Work to be completed:
All lines from the one holding "Stay cozy and" to the end of the listing are to be output exactly, both ends included, with any pictures left out.

Data:
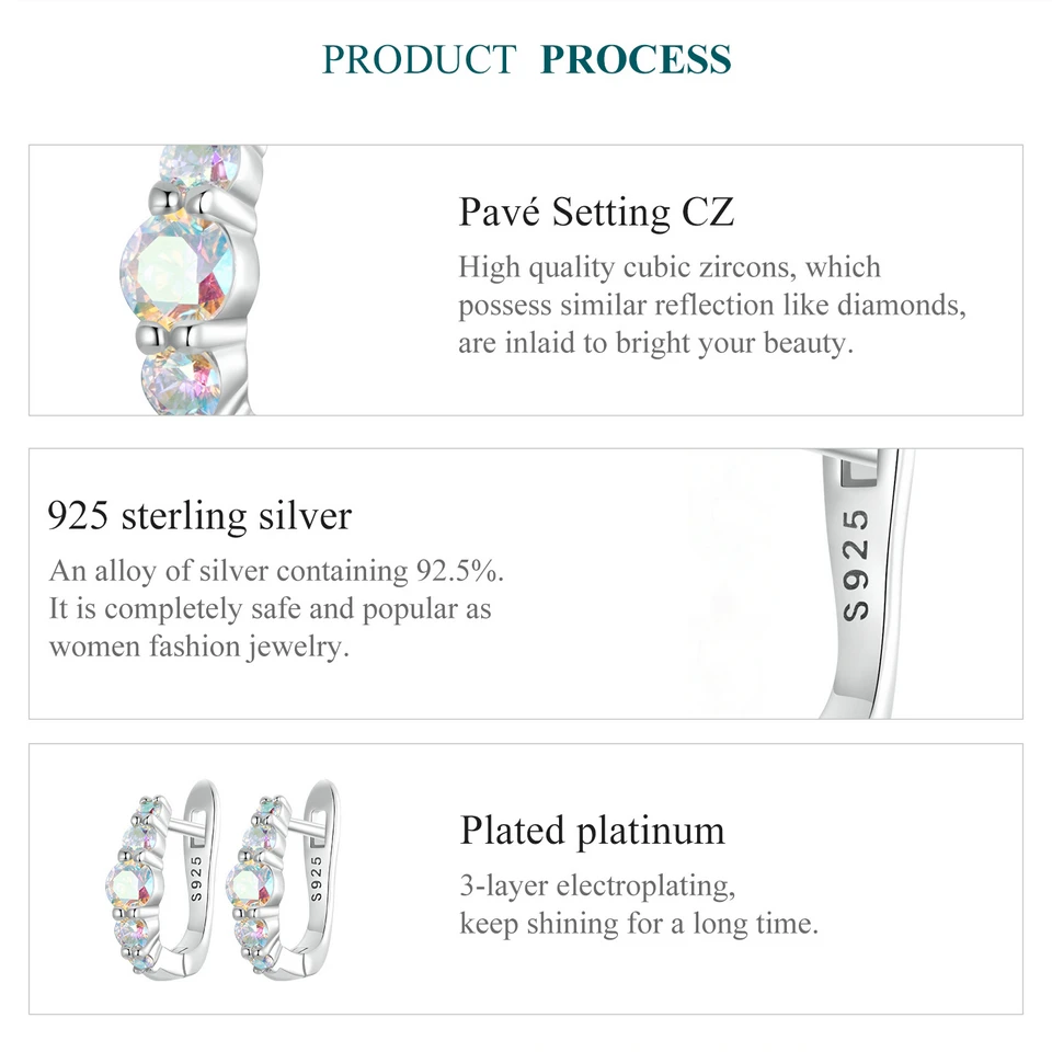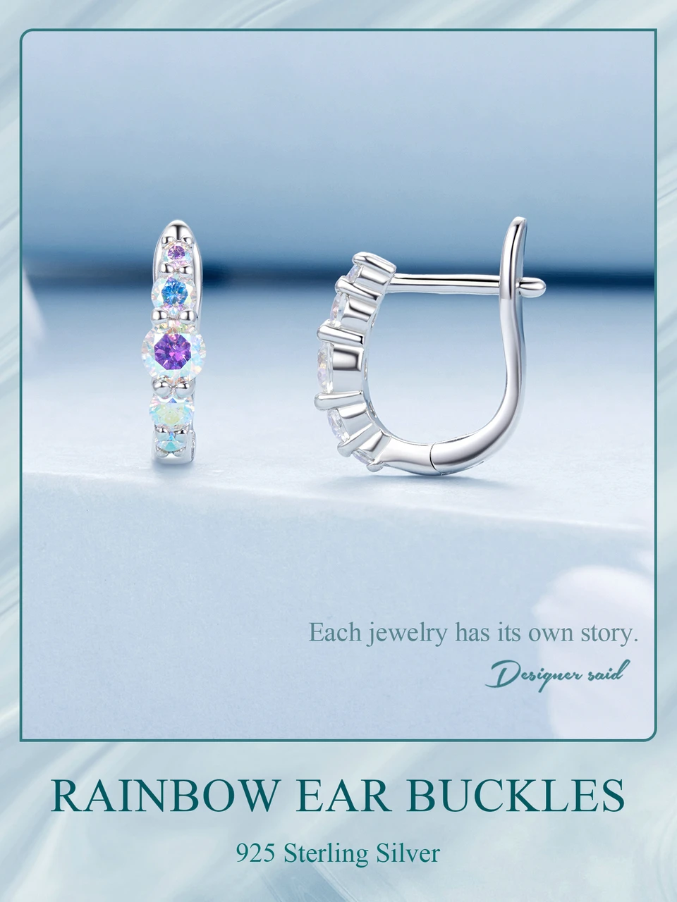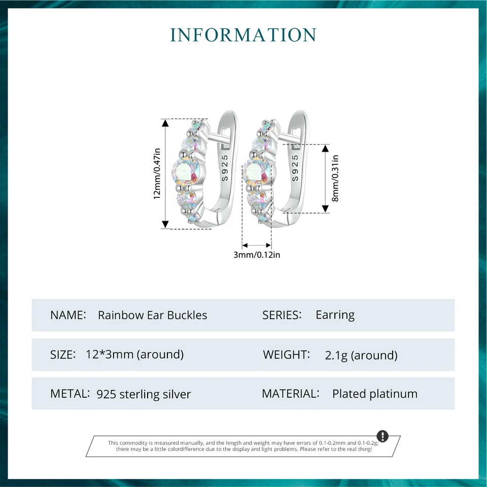 ❤ [Description] The rainbow ear buckles setted with iridescent cubic zirconia show a captivating iridescence effect as if condensing the beautiful rainbow.
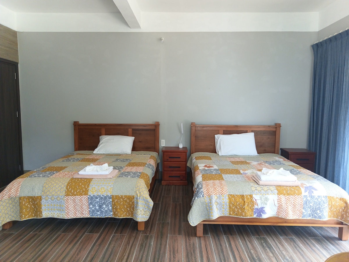 1 tempat tidur double + 2 tempat tidur single dengan pemandangan pegunungan yang indah.
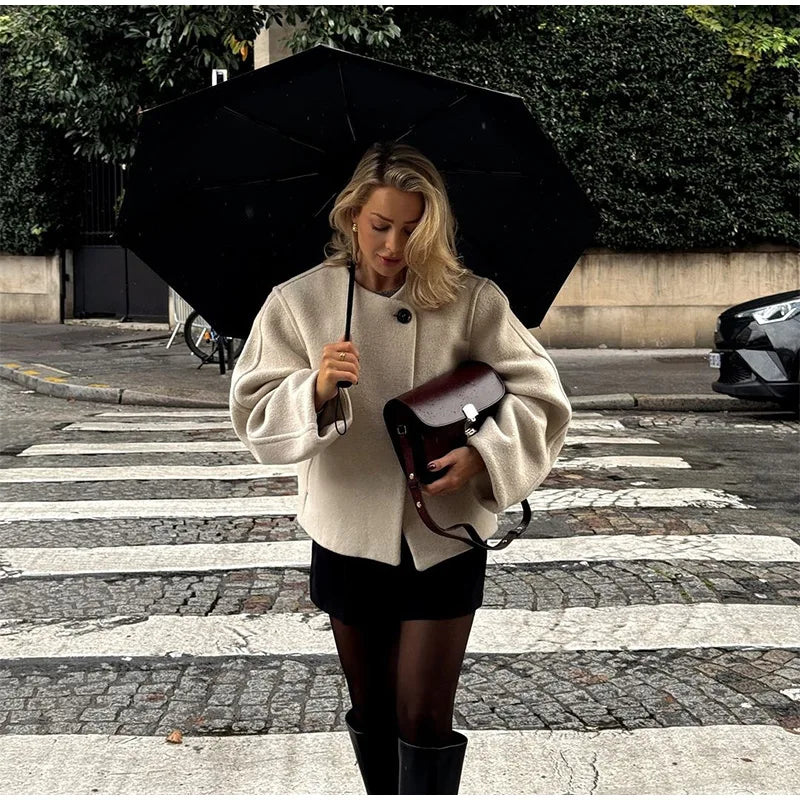 Stay cozy and stylish in Bella Chix's Tara O Neck Woolen Coat! This one-button. long sleeve coat features an O-neck and convenient pockets. Perfect for chilly weather. this coat will keep you warm while adding a touch of elegance to any outfit.
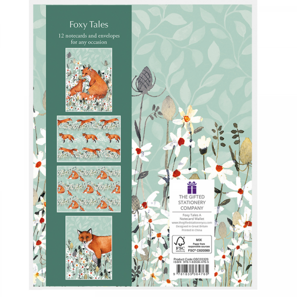 12 kusů přání a obálek s motivem: liška; zabaleno ve složce z tvrdého papíru. Značka Gifted Stationery Company

Exercise response:
 Stay cozy and stylish in Bella Chix's Tara O Neck Woolen Coat! This one-button. long sleeve coat features an O-neck and convenient pockets. Perfect for chilly weather. this coat will keep you warm while adding a touch of elegance to any outfit.
 12 kusů přání a obálek s motivem: liška; zabaleno ve složce z tvrdého papíru. Značka Gifted Stationery Company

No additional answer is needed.